Task item: The reply should be an exact repeat of the listing, with no pictures in it.

Dataset section:

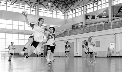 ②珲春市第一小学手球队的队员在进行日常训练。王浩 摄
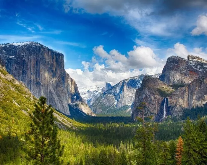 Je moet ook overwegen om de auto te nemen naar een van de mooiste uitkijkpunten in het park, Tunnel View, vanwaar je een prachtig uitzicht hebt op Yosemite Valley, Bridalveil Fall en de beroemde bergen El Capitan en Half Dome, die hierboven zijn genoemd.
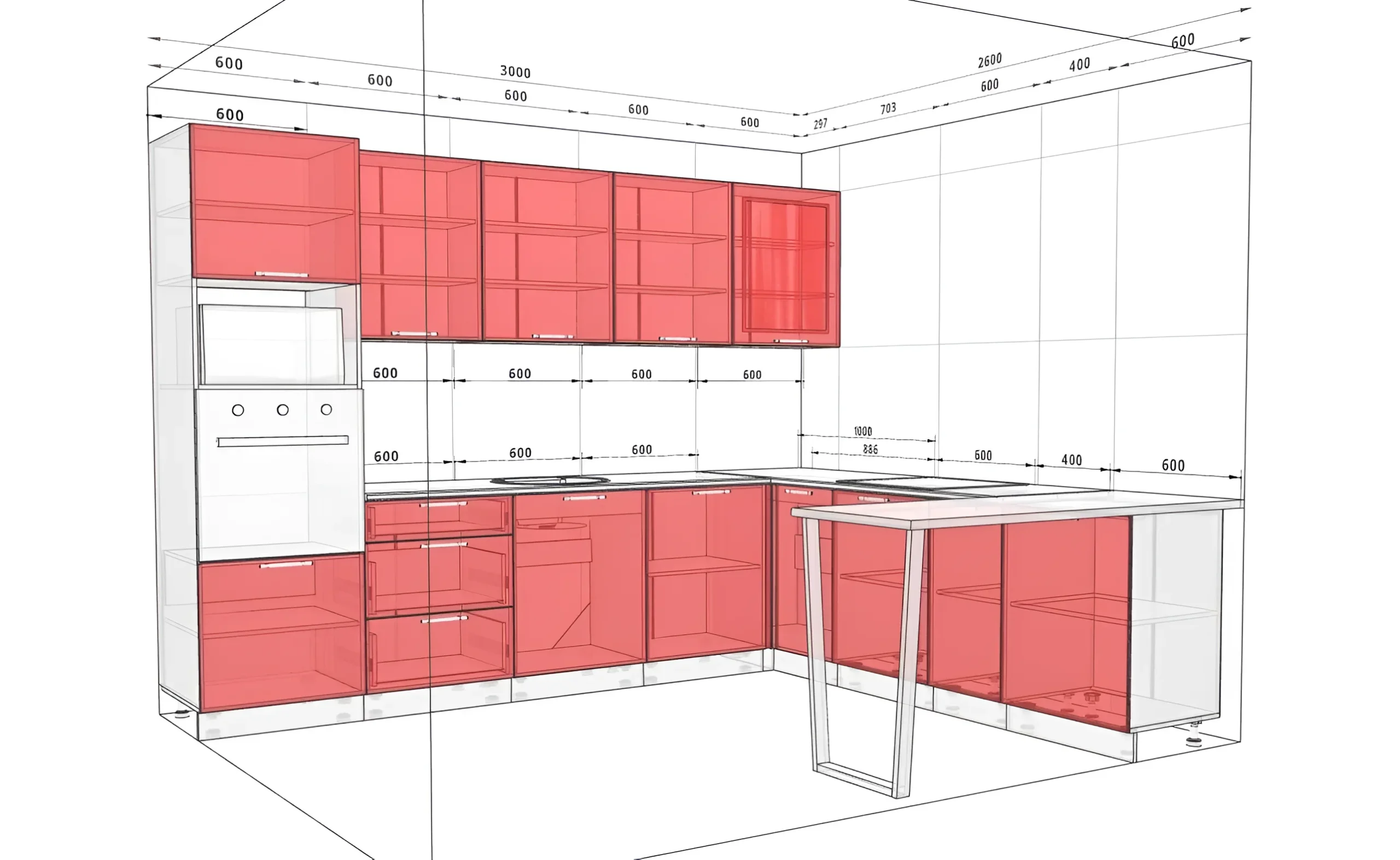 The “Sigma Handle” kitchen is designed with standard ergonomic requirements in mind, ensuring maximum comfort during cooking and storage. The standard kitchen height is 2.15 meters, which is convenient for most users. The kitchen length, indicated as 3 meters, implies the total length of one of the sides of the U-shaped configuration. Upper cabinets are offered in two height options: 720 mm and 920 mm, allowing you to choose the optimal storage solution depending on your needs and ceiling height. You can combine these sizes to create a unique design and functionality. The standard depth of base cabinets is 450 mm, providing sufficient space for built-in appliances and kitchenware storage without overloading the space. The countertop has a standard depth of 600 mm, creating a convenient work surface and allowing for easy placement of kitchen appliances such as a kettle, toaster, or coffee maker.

Written solution:
 ②珲春市第一小学手球队的队员在进行日常训练。王浩 摄
 Je moet ook overwegen om de auto te nemen naar een van de mooiste uitkijkpunten in het park, Tunnel View, vanwaar je een prachtig uitzicht hebt op Yosemite Valley, Bridalveil Fall en de beroemde bergen El Capitan en Half Dome, die hierboven zijn genoemd.
 The “Sigma Handle” kitchen is designed with standard ergonomic requirements in mind, ensuring maximum comfort during cooking and storage. The standard kitchen height is 2.15 meters, which is convenient for most users. The kitchen length, indicated as 3 meters, implies the total length of one of the sides of the U-shaped configuration. Upper cabinets are offered in two height options: 720 mm and 920 mm, allowing you to choose the optimal storage solution depending on your needs and ceiling height. You can combine these sizes to create a unique design and functionality. The standard depth of base cabinets is 450 mm, providing sufficient space for built-in appliances and kitchenware storage without overloading the space. The countertop has a standard depth of 600 mm, creating a convenient work surface and allowing for easy placement of kitchen appliances such as a kettle, toaster, or coffee maker.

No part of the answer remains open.